Whole Life Customer Wants Replacement, Help Please?

State life would be a good call. You can do a 10pay - sell the premium going away. It won't be $75/mo LOL but its a good product.
Its hard when clients demand they want to change, whether in their best interest or not. Had one this week.
 
The client has a fantastic massmutual whole life paid till 100 contract (client has had for 7 years). Premium after dividend offset is about 2400 a year. I do not want to replace, but this is the third year I have had to "re-sell" him on the contract and I am afraid if I don't replace it with in his terms "a non cash value policy with lower premium" he will eventually cancel it or replace it without me.

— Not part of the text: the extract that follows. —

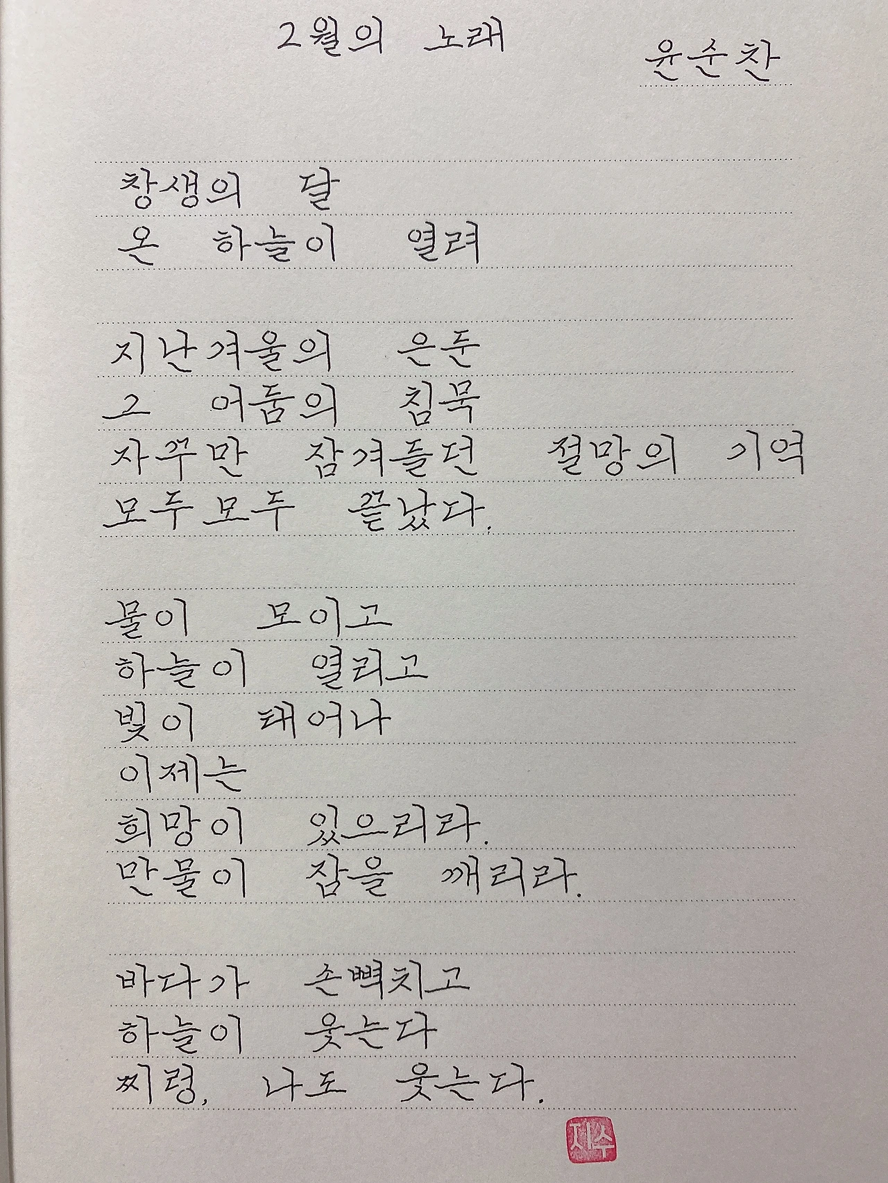 평범한 직장인. 사내 동호회를 통해 매일 한편 손으로 시 읽기를 시작한 이후로, 매일 시 한편을 필사 합니다. 필사한 시가 저작권에 문제가 된다면 말씀해주세요.
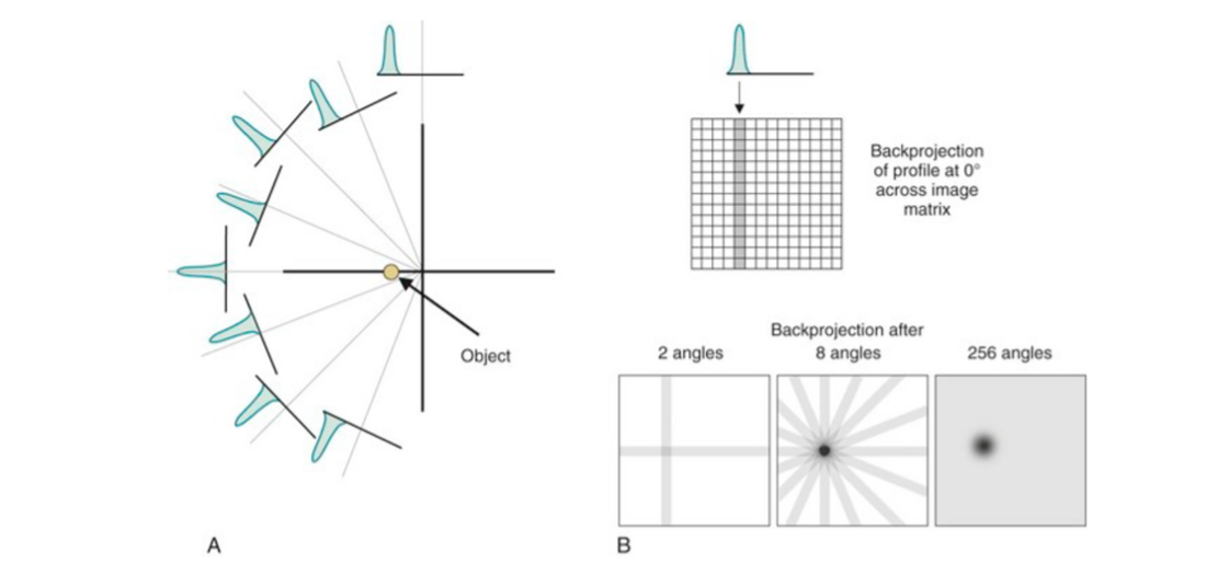 Şekil 6 – FBP görüntü rekonstrüksiyonu A) Farklı açılar için nokta kaynak için projeksiyon profilleri. B) Görüntü oluşumu.

He is very flamboyant and not afraid of contacting insurance agents right out of the phone book. He told me the other day that he was offered a nice policy for $75 a month (we all know that is a crock and I could blow it up if I could see the quote, but I am afraid someday he won't give me that opportunity. I am looking to give him what he wants).

I am thinking about three different options:

Replace with GUL and 1035....Looked at this last year, premium around 1500 a year.

Take the paid up option because the client acts like he does not need anymore insurance (although the family would disagree)

Replace with State Life if we can get some decent LTC benefits (the family is interested in that and the client may see the value there instead of the Death Ben)

He probably was offered a term policy at that rate. You might beat that? But you won't blow it up if he wants term.

Give him what he wants or someone else will.
 
JD is right and wrong at the same time. He's right that if you don't offer him what he wants, someone else will.

The question I have for you is why are you 'afraid'? This guy sounds like a pain in the neck and doesn't value you or your advice. That, or you haven't clearly articulated the benefits of having the policy other than from a cost perspective.

In my opinion, you need to reaffirm the value of what he has one last time. If he wants to dump it - then you dump him. Don't have HIM direct the relationship and your "advice". You're the advisor, not him. If he can't see how what he has is good for him, let him go (and work on your own skills). You can't afford to ever be 'afraid' of what a policyholder wants to do.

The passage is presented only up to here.